Wednesday, May 03, 2006


Bird Flu

Stop the panic. Please. Is it just me or are we seriously panicking over bird flu? Let's look at some facts. Since this wave of avian influenza (A - H5N1) began in 2003, there have been 113 human deaths and just over 205 cases of infection. This is a drop in the bucket when compared to other causes of deaths. AIDS, now that's a serious problem. It claimed 3.1 million lives in 2005, according to the WHO, and there are more than 40 million people living with HIV today. Cancer, another big one. This disease kills 7 million people every year. Indoor air pollution alone kills one person every 20 seconds. In the United States, more than 40,000 people die in a motor vehicle accident. So, I guess, 113 deaths just doesn't seem like a lot to me. Of course, I'm not a health expert or animal disease specialist, but it seems that there are bigger things to worry about right now.

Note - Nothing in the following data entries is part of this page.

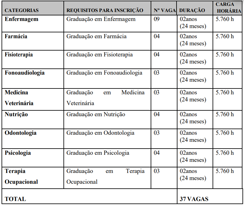 Para a presente Chamada Pública de Seleção serão ofertadas 37 vagas para o Curso de Especialização com Caráter de Residência Multiprofissional em Atenção Básica: Saúde da Família e Comunidade, conforme a distribuição abaixo: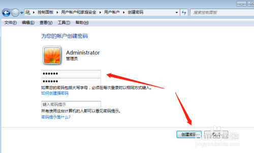 进入密码设置窗口,我们输入自界说密码,输完需要再次输入验证,为了防止我们健忘密码,还可以鄙人方的输入框输入提醒,输入完我们点击建立密码,这样就完当作了密码的设置;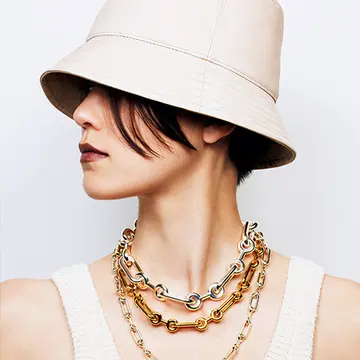 LAを拠点とするジュエリーブランド、ソフィー ブハイ。そのシルバージュエリーはすべて熟練職人によるハンドメイド。装飾を削ぎ落としたコンテンポラリーなデザインが、年齢・スタイルを問わず人気を呼んでいる。今回は、鎖骨の上にかかるよう計算された長さのカラーネックレス(Collar=首輪)を2種類重ねて。海のように深いブルーのラピスラズリは、石のパワーを感じさせる絶妙なボリューム。ゴールドヴェルメイユのトグルフック(とめ具)とのコントラストも美しい。重ねたシルバーボールのネックレスは、ボールをつなぐ黒のシルクノットが実にモダン。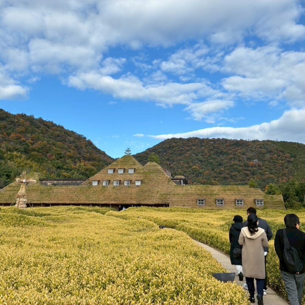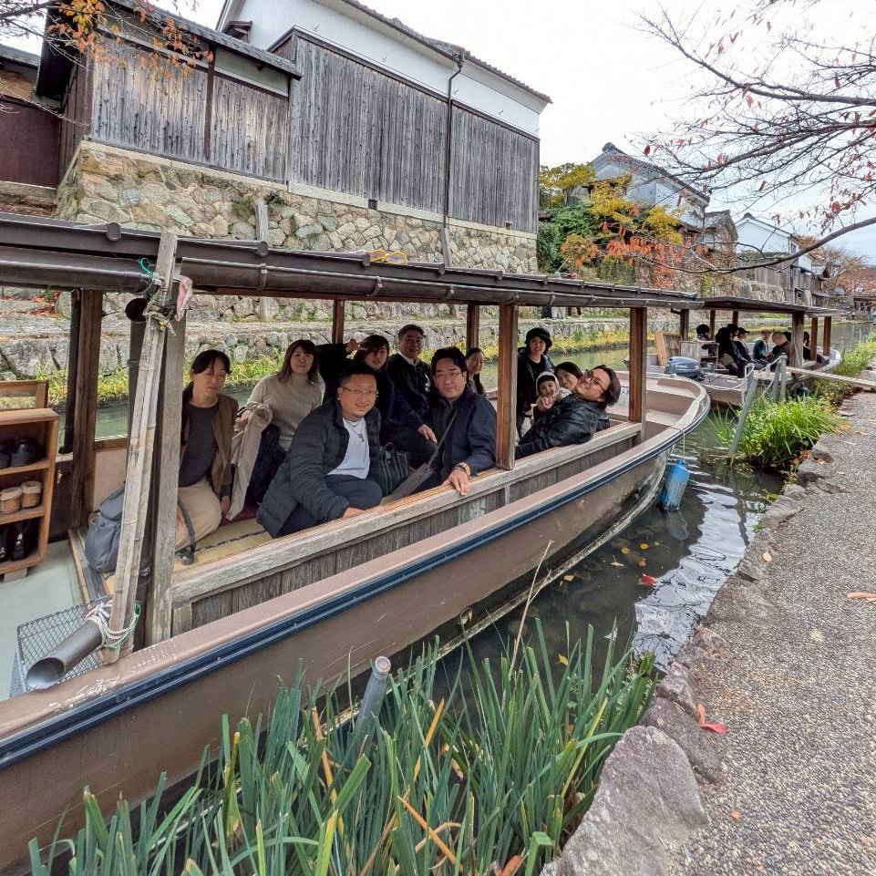 11月22日、紅葉の季節に近江八幡市にて移動交流会を行いました。ご家族、ご友人を含め24人にて近江商人発祥の町近江八幡を満喫しました。まず、たねやクラブハリエのフラッグシップ店「ラコリーナ」に集合しました。駐車場からラコリーナに向かうと赤や黄色に彩られた山を背にした建物の綺麗な景色が私たちを迎えてくれました。今回の交流会は集合の挨拶後、お買い物タイムからスタートです。和菓子のたねやさんと、バームクーヘンで有名なクラブハリエのショップでのお買い物やバームクーヘン工場の見学等をお楽しみいただきました。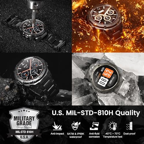 ➤【Military Standard Quality】HIDAMEL smart watch built to military standards,having successfully passed 15 military-grade tests, including temperature, high altitude and low pressure, dust, salt spray and liquid contamination. The rugged smart watch for men is not only tough but also embodies fortitude and resilience. Suitable for any outdoor sports and harsh working environments.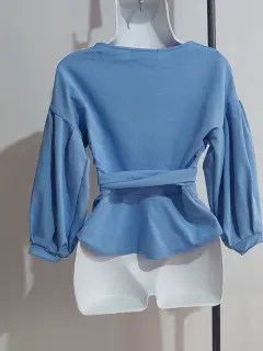 Blusa azul de mangas abollanadas

Don't forget that this disease first broke out in developing countries (Thailand, Vietnam, etc.) where sanitation standards are not exactly perfect - and it killed only 113 people. If it were so deadly, wouldn't it have spread a lot faster? Although bird flu has not yet traveled the ocean to the Americas, I think we'll have the tools to deal with it. The virus is still not hopping from person-to-person or mutating as many health experts feared. Most infections are still due to prolonged exposure to infected poultry.

Yes, we probably need to keep our pet birds inside and away from fowl or other outdoor birds. If bird flu does break out in the U.S., it seems likely that exposed flocks of birds - whether poultry or parrot - will be culled to prevent the further spread of the virus. This is what has happened in every other country with an avian flu outbreak, so there's no reason to believe that it won't happen here. Keep your birds inside or in a secure, covered outdoor aviary, and report any illness of your own, and I think you'll be safe. Please stop the panic. Yes, this is the largest outbreak of H5N1 to date. We need to be cautious and vigilant, but 113 deaths doesn't justify panic in my mind.

No kidding. This flu craze is out of control.